**What you should do:**
Exactly the lines starting at the line containing "全身脱毛+顔5回が月々1,500円~" and ending at the line containing "DESIGNED TO STAND" are to be written out from the listing below, both included.

**Listed entries:**
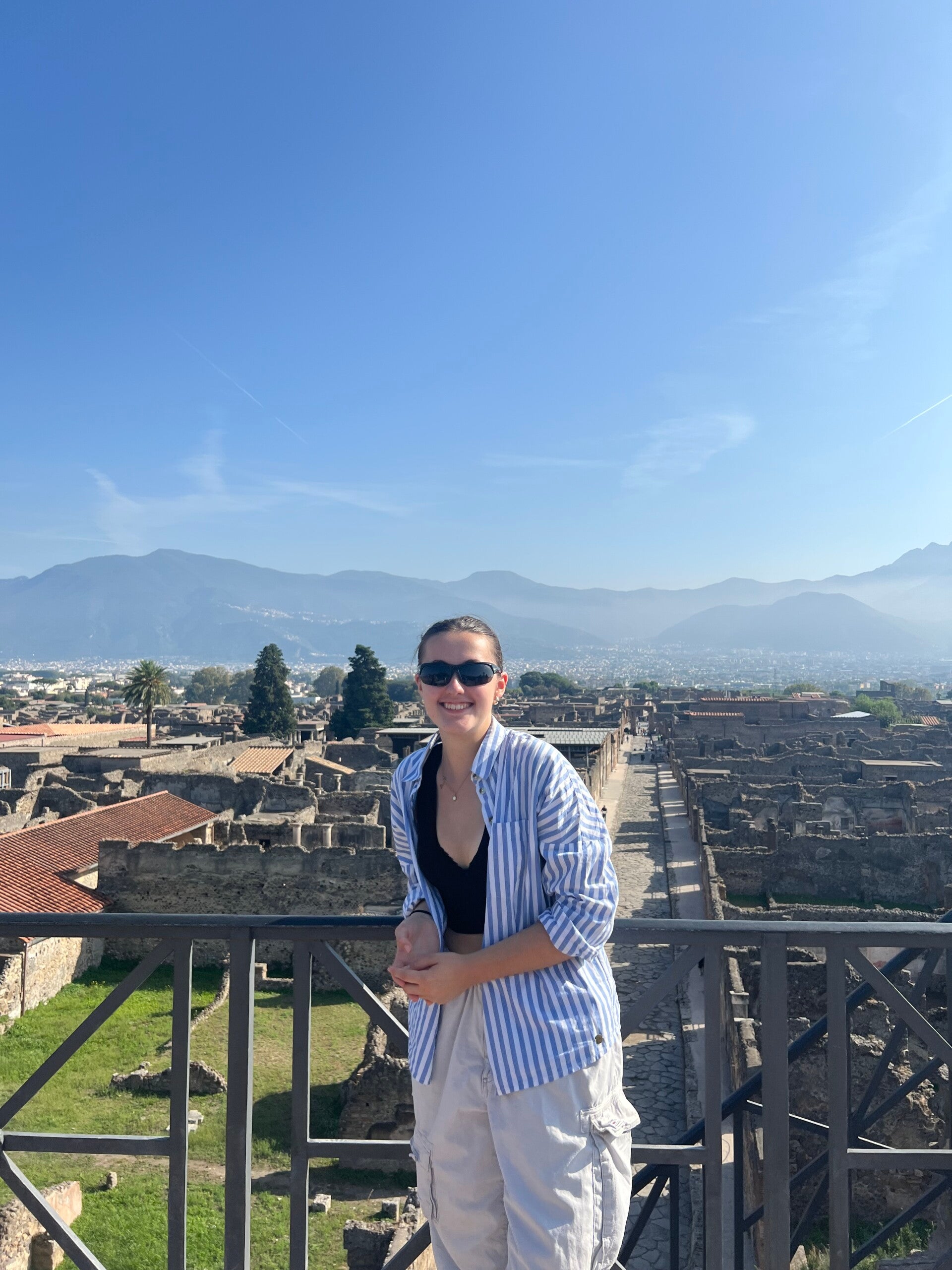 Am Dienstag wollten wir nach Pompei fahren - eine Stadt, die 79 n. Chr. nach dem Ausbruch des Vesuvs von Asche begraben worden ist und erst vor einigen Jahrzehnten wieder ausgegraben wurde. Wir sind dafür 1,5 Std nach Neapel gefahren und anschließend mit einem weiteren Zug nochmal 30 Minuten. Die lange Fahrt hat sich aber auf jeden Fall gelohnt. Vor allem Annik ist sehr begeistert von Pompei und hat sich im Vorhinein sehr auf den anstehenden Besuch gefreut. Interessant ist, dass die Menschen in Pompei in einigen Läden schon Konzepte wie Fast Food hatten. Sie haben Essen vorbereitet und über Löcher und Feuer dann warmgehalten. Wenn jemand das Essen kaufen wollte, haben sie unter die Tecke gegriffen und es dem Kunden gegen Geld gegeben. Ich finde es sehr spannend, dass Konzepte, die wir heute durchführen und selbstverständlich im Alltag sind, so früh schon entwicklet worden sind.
---
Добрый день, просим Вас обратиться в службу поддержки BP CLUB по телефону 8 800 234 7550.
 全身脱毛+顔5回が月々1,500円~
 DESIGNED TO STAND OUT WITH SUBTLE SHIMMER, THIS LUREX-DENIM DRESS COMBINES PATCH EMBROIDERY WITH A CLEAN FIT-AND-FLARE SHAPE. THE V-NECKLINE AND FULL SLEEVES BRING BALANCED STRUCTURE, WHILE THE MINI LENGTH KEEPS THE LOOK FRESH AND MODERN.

**Your solution:**
 全身脱毛+顔5回が月々1,500円~
 DESIGNED TO STAND OUT WITH SUBTLE SHIMMER, THIS LUREX-DENIM DRESS COMBINES PATCH EMBROIDERY WITH A CLEAN FIT-AND-FLARE SHAPE. THE V-NECKLINE AND FULL SLEEVES BRING BALANCED STRUCTURE, WHILE THE MINI LENGTH KEEPS THE LOOK FRESH AND MODERN.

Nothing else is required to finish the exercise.